The efforts appeared to continue during the Biden presidency, as revealed by another email from Rebecca Hahn, a former Twitter communications official dated September 22, 2022, who wrote about company efforts to limit coverage of their role in Pentagon psychological operations on social media.

Peace activists say that an investigation should be opened into the collaboration between the Pentagon and social media companies. “At the very least, our citizens are fully informed when their tax money is being spent on putting a positive spin on our endless wars,” Erik Sperling, the executive director of Just Foreign Policy told Fang.

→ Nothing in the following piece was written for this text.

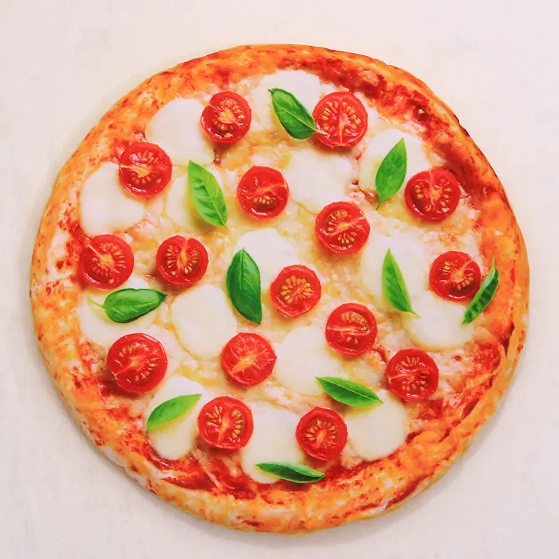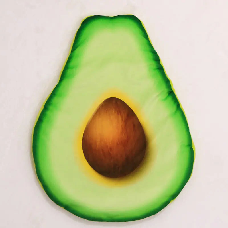Los Tapetes y La Mantas con forma de aguacate, acelga,tostada, beicon(bacon), conejo, medidas aproximadas ( S: 33cm. x 45,7cm.) -(M: 43,2cm. x 53,3cm.) -(L: 53,3cm. x 73,7cm.). Los Tapetes y las mantas con formas de huevo frito y pizza medidas aproximadas,(S: 40cm diámetro)-( M: 55cm. de diámetro) -( L: 70cm. de diámetro)

CorpWatch dug a little deeper into Nathaniel Kahler, the Pentagon official who initiated the 2017 correspondence. The name corresponds to a LinkedIn profile of a person who was hired in June 2017 to work for a company named Colsa in Florida. At the time Colsa was working on a Pentagon contract named WebOps, according to the Associated Press news agency, to hire Arabic speakers to search social media platforms and track down people who might be considering joining extremist groups like the Islamic State of Iraq and the Levant Islamic State of Iraq and Syria.

Kahler’s online resume notes that he speaks Arabic and studied in Egypt, Morocco and Syria. It also noted that he graduated with a Masters degree from the College of International Security Affairs at the Pentagon’s National Defense University just before he went to work for Colsa.

Unfortunately, according to whistleblowers who spoke to the Associated Press, since many of the individuals that the company hired for WebOps were not native speakers nor familiar with the region, the Colsa contractors sometimes made a fool of themselves. “In one particular instance, WebOps employees repeatedly referred to the Palestinian Authority as the ‘Palestinian salad.”

A former Colsa employee told the Associated Press that staff often “don’t know the difference between Hezbollah and Hamas” and that managers often hired people on basis of a casual interview, in which they asked questions like: “How do you say ‘good morning?’ Oh, you can do that? You are an expert. You are hired.’”

Today Kahler no longer works at the company – his online resume says he now works on a project to enable “dialogue and engagement with populations around the world” at Two Six Technologies, a subsidiary of the Carlyle Group, which incidentally also does ‘information operations’ contract work for the Pentagon, according to its website.

It should be noted that Kalher’s resume fits with a pattern of military contractors hired to provide ‘information operations’ backup to U.S. wars in the region, as CorpWatch documented in 2004, when we reported on Science Applications International Corporation (SAIC) contract to run the Iraqi Media Network’s (IMN) radio and television station in Baghdad.

By and large they failed at the time, wrote Don North, a former IMN staffer who also worked for ABC and NBC News. "IMN has become an irrelevant mouthpiece for CPA (the U.S. run Coalition Provisional Authority) propaganda, managed news and mediocre programs," he wrote. “I have trained journalists after the fall of tyrannies in Bosnia, Romania and Afghanistan. I don't blame the Iraqi journalists for the failure of IMN. Through a combination of incompetence and indifference, CPA has destroyed the fragile credibility of IMN.”

These efforts have continued over past years. For example General Dynamics was awarded a $10 million contract in 2008 to provide “full-service cultural knowledge, political, editorial, media and information technology capabilities" with the help of “a network of native/indigenous content contributors with backgrounds in politics, academics, security, culture, entertainment, and other aspects of the (U.S.-declared global war on terror), which appeal to identified foreign target audiences."